Friday, November 09, 2012

Inequality & Then Some

This little graph, created by Lane Kenworthy, says it all regarding the inequality of the 1% vs the rest of us rubes in terms of wealth thanks to, in large part, the collusion of government with the Fed and Wall Street. The other part of the inequality equation is the one involving interest, the stealth mechanism the banksters use to rule the world.


In the 2012 edition of Occupy Money [3] released last week, Professor Margrit Kennedy writes that a stunning 35% to 40% of everything we buy goes to interest. This interest goes to bankers, financiers, and bondholders, who take a 35% to 40% cut of our GDP. That helps explain how wealth is systematically transferred from Main Street to Wall Street. The rich get progressively richer at the expense of the poor, not just because of “Wall Street greed” but because of the inexorable mathematics of our private banking system.

This hidden tribute to the banks will come as a surprise to most people, who think that if they pay their credit card bills on time and don’t take out loans, they aren’t paying interest. This, says Dr. Kennedy, is not true.
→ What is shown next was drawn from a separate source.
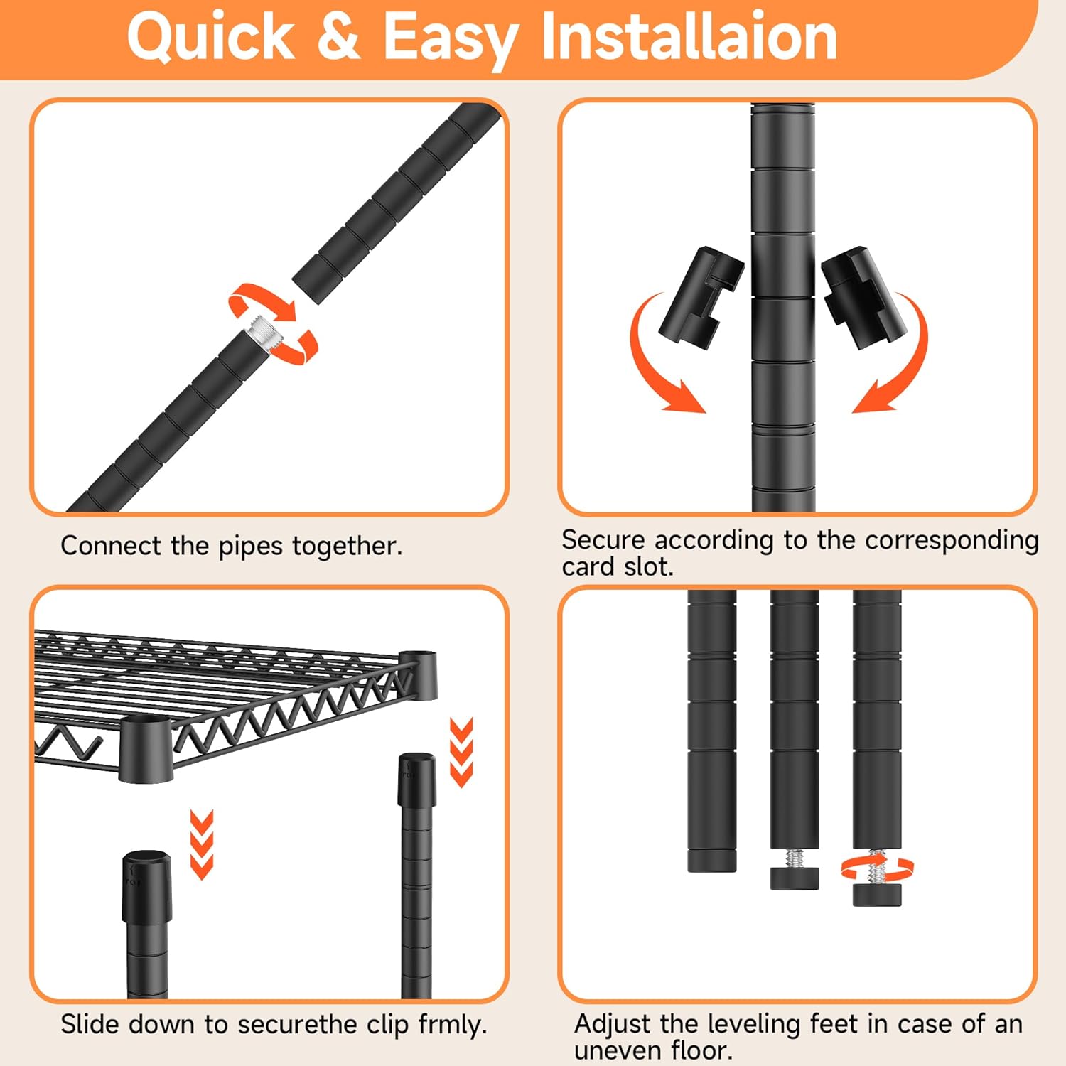 - HEAVY DUTY STORAGE SHELF: Our storage shelf is made of study high-quality carbon steel and metal rods and each shelving unit holds up to 660LBs on leveling feet, with a total bearing capacity of 3300LBs

Tradesmen, suppliers, wholesalers and retailers all along the chain of production rely on credit to pay their bills. They must pay for labor and materials before they have a product to sell and before the end buyer pays for the product 90 days later. Each supplier in the chain adds interest to its production costs, which are passed on to the ultimate consumer. Dr. Kennedy cites interest charges ranging from 12% for garbage collection, to 38% for drinking water to, 77% for rent in public housing in her native Germany.

Her figures are drawn from the research of economist Helmut Creutz, writing in German and interpreting Bundesbank publications.  They apply to the expenditures of German households for everyday goods and services in 2006; but similar figures are seen in financial sector profits in the United States, where they composed a whopping 40% of U.S. business profits [4] in 2006.  That was five times the 7% made by the banking sector in 1980.  Bank assets, financial profits, interest, and debt have all been growing exponentially.

The only free lunch in the multiverse is gravity although the creation of money from nothing comes close, but only for a short time. Just ask Germany vis a vis Europe to see why.